**Work to complete:** Everything in the records is to be written out exactly, except the pictures.

**Materials provided:**
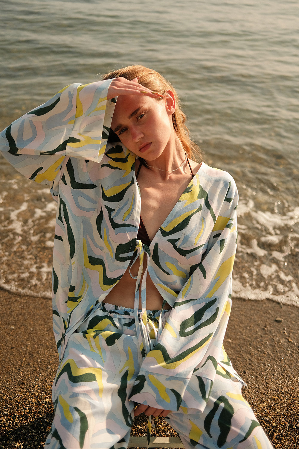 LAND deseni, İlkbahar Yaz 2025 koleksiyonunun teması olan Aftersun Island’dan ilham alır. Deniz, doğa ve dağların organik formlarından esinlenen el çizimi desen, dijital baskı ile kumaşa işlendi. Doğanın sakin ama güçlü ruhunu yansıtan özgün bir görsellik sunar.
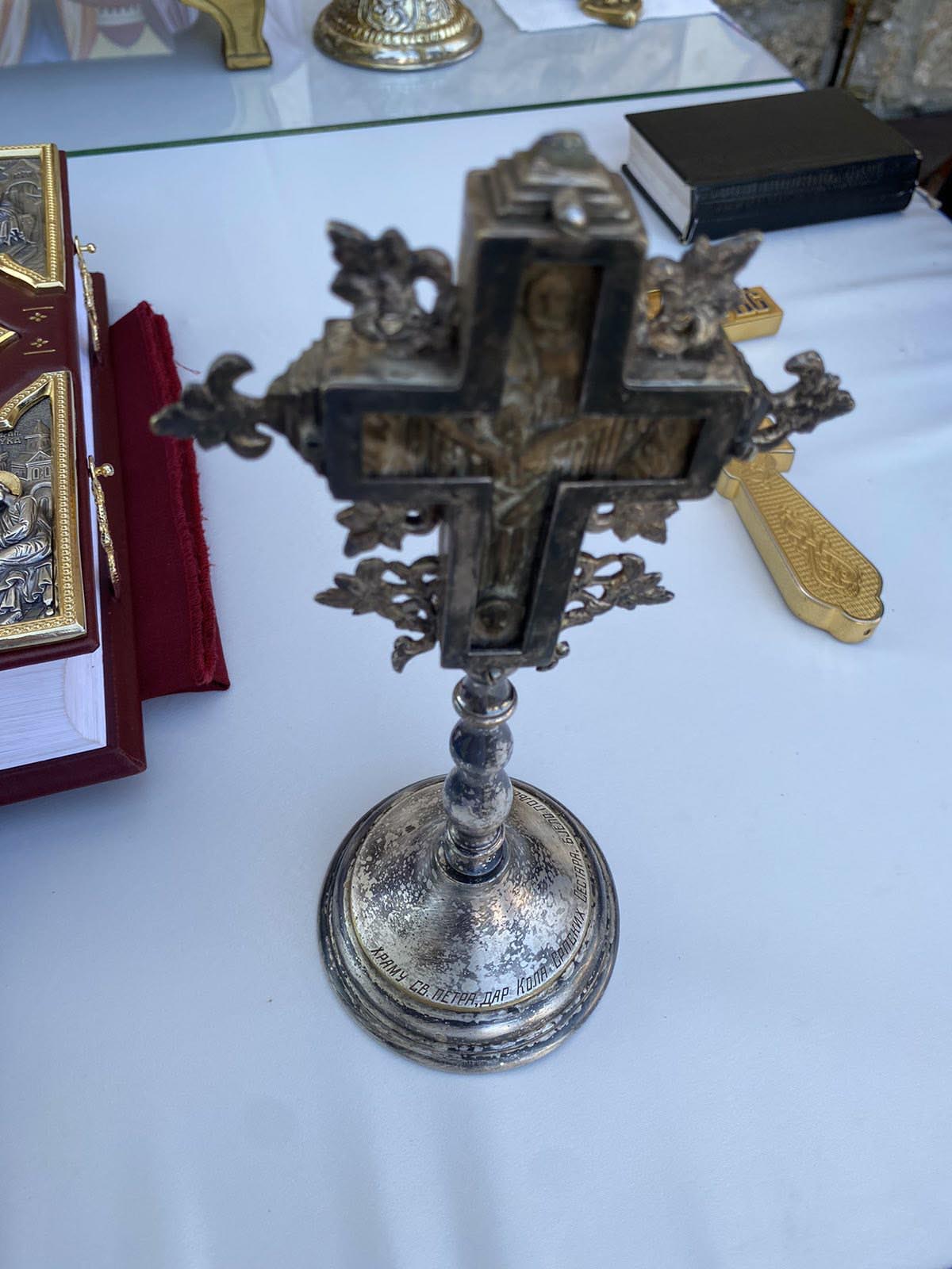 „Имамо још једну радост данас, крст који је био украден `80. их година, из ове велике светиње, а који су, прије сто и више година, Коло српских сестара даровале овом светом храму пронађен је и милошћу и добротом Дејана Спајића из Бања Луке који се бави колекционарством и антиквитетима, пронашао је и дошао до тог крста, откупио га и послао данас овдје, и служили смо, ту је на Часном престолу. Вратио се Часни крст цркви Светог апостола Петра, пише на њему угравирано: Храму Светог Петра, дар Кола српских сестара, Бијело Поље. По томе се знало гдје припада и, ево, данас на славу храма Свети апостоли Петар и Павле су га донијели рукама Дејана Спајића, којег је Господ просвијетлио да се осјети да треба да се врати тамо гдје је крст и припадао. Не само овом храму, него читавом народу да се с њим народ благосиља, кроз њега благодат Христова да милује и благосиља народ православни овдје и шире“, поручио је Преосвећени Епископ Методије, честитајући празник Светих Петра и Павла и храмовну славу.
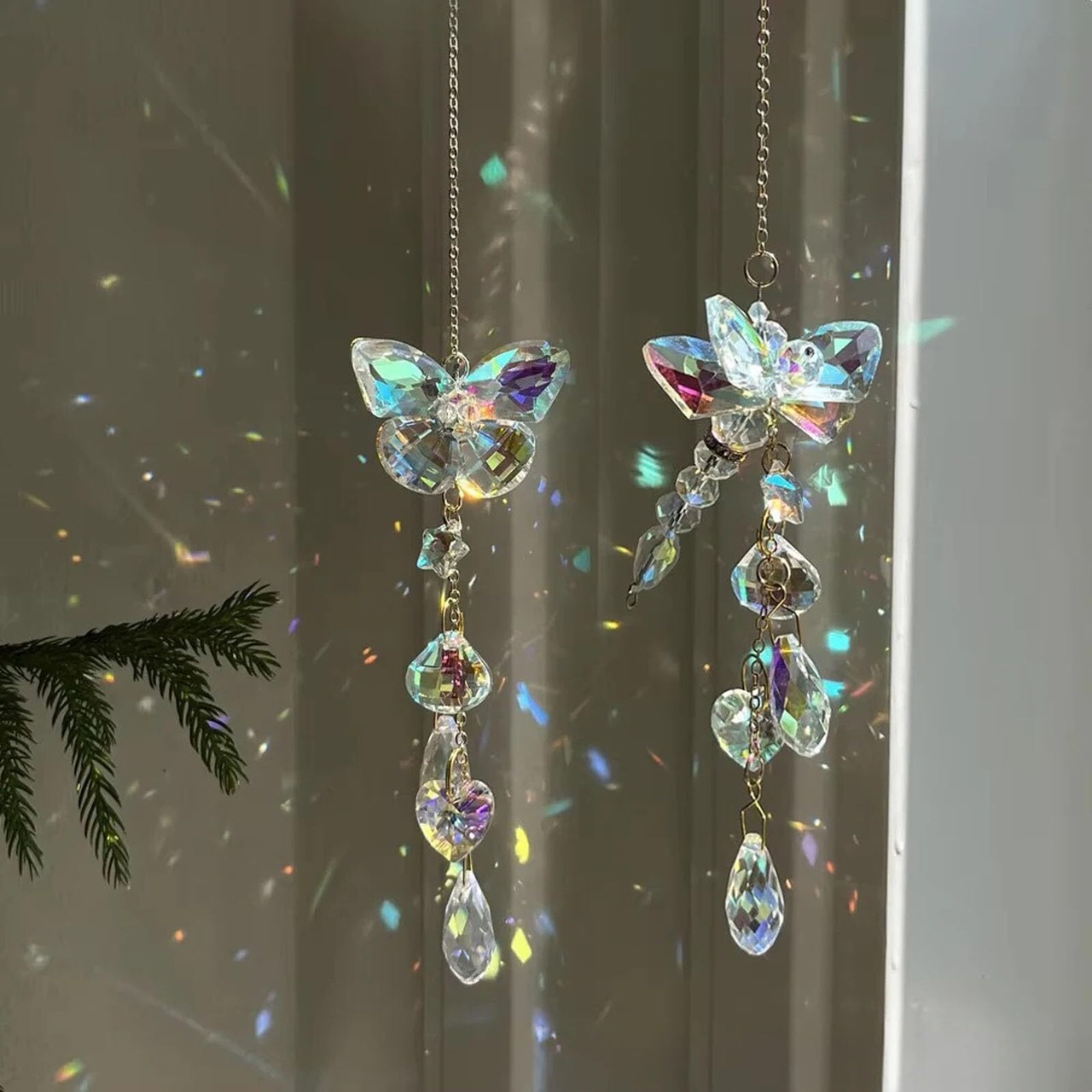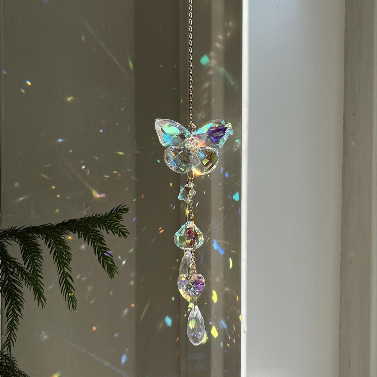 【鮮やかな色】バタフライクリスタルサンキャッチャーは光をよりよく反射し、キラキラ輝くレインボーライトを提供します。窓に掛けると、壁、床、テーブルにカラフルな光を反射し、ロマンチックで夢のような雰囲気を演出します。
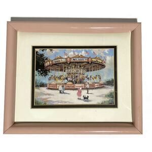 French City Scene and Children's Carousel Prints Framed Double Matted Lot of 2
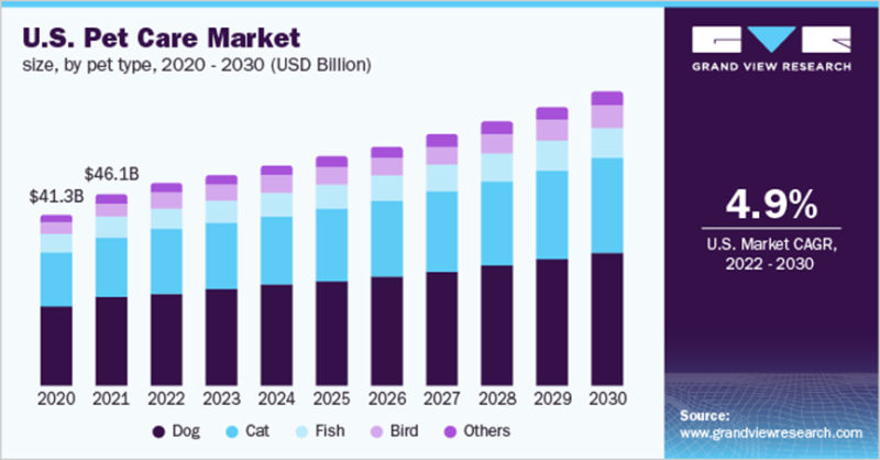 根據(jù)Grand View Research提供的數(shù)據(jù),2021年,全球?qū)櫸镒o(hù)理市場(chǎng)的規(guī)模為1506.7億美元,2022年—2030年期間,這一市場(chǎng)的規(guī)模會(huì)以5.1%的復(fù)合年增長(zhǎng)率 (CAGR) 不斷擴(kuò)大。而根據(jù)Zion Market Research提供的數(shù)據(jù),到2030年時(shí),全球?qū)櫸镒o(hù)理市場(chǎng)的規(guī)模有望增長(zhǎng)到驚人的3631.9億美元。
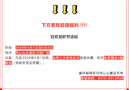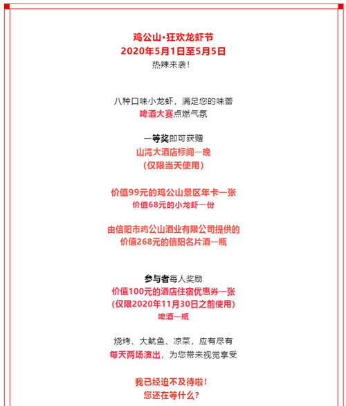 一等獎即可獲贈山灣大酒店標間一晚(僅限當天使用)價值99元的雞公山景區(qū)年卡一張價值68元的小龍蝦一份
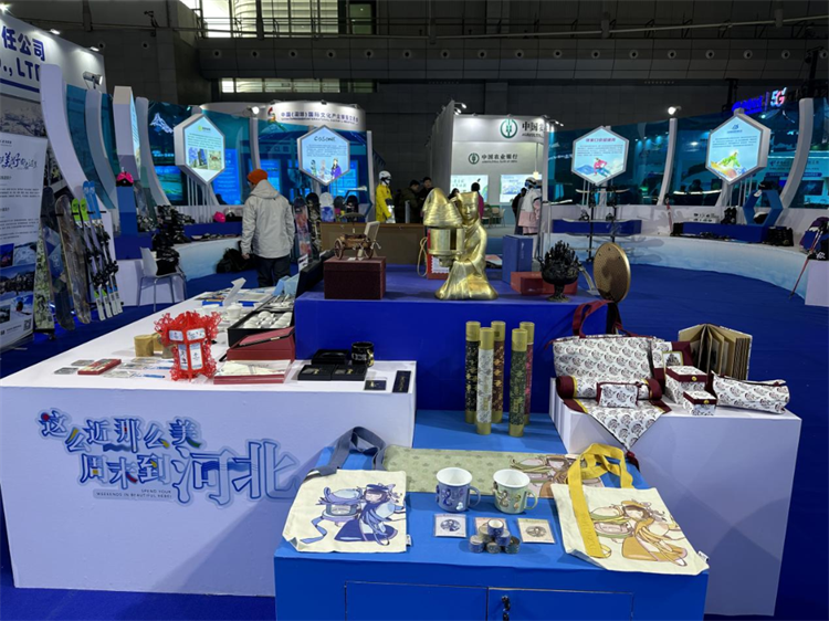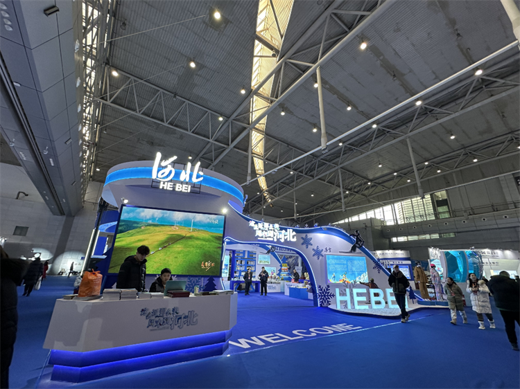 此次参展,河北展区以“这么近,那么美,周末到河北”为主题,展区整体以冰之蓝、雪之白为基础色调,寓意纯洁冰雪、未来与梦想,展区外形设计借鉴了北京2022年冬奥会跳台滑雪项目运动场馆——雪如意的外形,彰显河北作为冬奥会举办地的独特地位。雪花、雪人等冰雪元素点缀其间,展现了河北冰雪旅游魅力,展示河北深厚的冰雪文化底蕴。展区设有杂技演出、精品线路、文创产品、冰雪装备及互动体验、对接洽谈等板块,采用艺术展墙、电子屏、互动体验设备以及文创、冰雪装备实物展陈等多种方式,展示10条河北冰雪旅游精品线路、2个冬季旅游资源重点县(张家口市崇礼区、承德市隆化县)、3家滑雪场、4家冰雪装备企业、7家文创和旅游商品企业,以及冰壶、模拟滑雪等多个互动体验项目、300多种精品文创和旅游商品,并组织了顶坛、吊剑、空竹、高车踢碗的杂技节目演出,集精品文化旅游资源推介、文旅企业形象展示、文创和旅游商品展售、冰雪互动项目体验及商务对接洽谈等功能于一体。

**Answer section:**
 LAND deseni, İlkbahar Yaz 2025 koleksiyonunun teması olan Aftersun Island’dan ilham alır. Deniz, doğa ve dağların organik formlarından esinlenen el çizimi desen, dijital baskı ile kumaşa işlendi. Doğanın sakin ama güçlü ruhunu yansıtan özgün bir görsellik sunar.
 „Имамо још једну радост данас, крст који је био украден `80. их година, из ове велике светиње, а који су, прије сто и више година, Коло српских сестара даровале овом светом храму пронађен је и милошћу и добротом Дејана Спајића из Бања Луке који се бави колекционарством и антиквитетима, пронашао је и дошао до тог крста, откупио га и послао данас овдје, и служили смо, ту је на Часном престолу. Вратио се Часни крст цркви Светог апостола Петра, пише на њему угравирано: Храму Светог Петра, дар Кола српских сестара, Бијело Поље. По томе се знало гдје припада и, ево, данас на славу храма Свети апостоли Петар и Павле су га донијели рукама Дејана Спајића, којег је Господ просвијетлио да се осјети да треба да се врати тамо гдје је крст и припадао. Не само овом храму, него читавом народу да се с њим народ благосиља, кроз њега благодат Христова да милује и благосиља народ православни овдје и шире“, поручио је Преосвећени Епископ Методије, честитајући празник Светих Петра и Павла и храмовну славу.
 【鮮やかな色】バタフライクリスタルサンキャッチャーは光をよりよく反射し、キラキラ輝くレインボーライトを提供します。窓に掛けると、壁、床、テーブルにカラフルな光を反射し、ロマンチックで夢のような雰囲気を演出します。
 French City Scene and Children's Carousel Prints Framed Double Matted Lot of 2
 根據(jù)Grand View Research提供的數(shù)據(jù),2021年,全球?qū)櫸镒o(hù)理市場(chǎng)的規(guī)模為1506.7億美元,2022年—2030年期間,這一市場(chǎng)的規(guī)模會(huì)以5.1%的復(fù)合年增長(zhǎng)率 (CAGR) 不斷擴(kuò)大。而根據(jù)Zion Market Research提供的數(shù)據(jù),到2030年時(shí),全球?qū)櫸镒o(hù)理市場(chǎng)的規(guī)模有望增長(zhǎng)到驚人的3631.9億美元。
 一等獎即可獲贈山灣大酒店標間一晚(僅限當天使用)價值99元的雞公山景區(qū)年卡一張價值68元的小龍蝦一份
 此次参展,河北展区以“这么近,那么美,周末到河北”为主题,展区整体以冰之蓝、雪之白为基础色调,寓意纯洁冰雪、未来与梦想,展区外形设计借鉴了北京2022年冬奥会跳台滑雪项目运动场馆——雪如意的外形,彰显河北作为冬奥会举办地的独特地位。雪花、雪人等冰雪元素点缀其间,展现了河北冰雪旅游魅力,展示河北深厚的冰雪文化底蕴。展区设有杂技演出、精品线路、文创产品、冰雪装备及互动体验、对接洽谈等板块,采用艺术展墙、电子屏、互动体验设备以及文创、冰雪装备实物展陈等多种方式,展示10条河北冰雪旅游精品线路、2个冬季旅游资源重点县(张家口市崇礼区、承德市隆化县)、3家滑雪场、4家冰雪装备企业、7家文创和旅游商品企业,以及冰壶、模拟滑雪等多个互动体验项目、300多种精品文创和旅游商品,并组织了顶坛、吊剑、空竹、高车踢碗的杂技节目演出,集精品文化旅游资源推介、文旅企业形象展示、文创和旅游商品展售、冰雪互动项目体验及商务对接洽谈等功能于一体。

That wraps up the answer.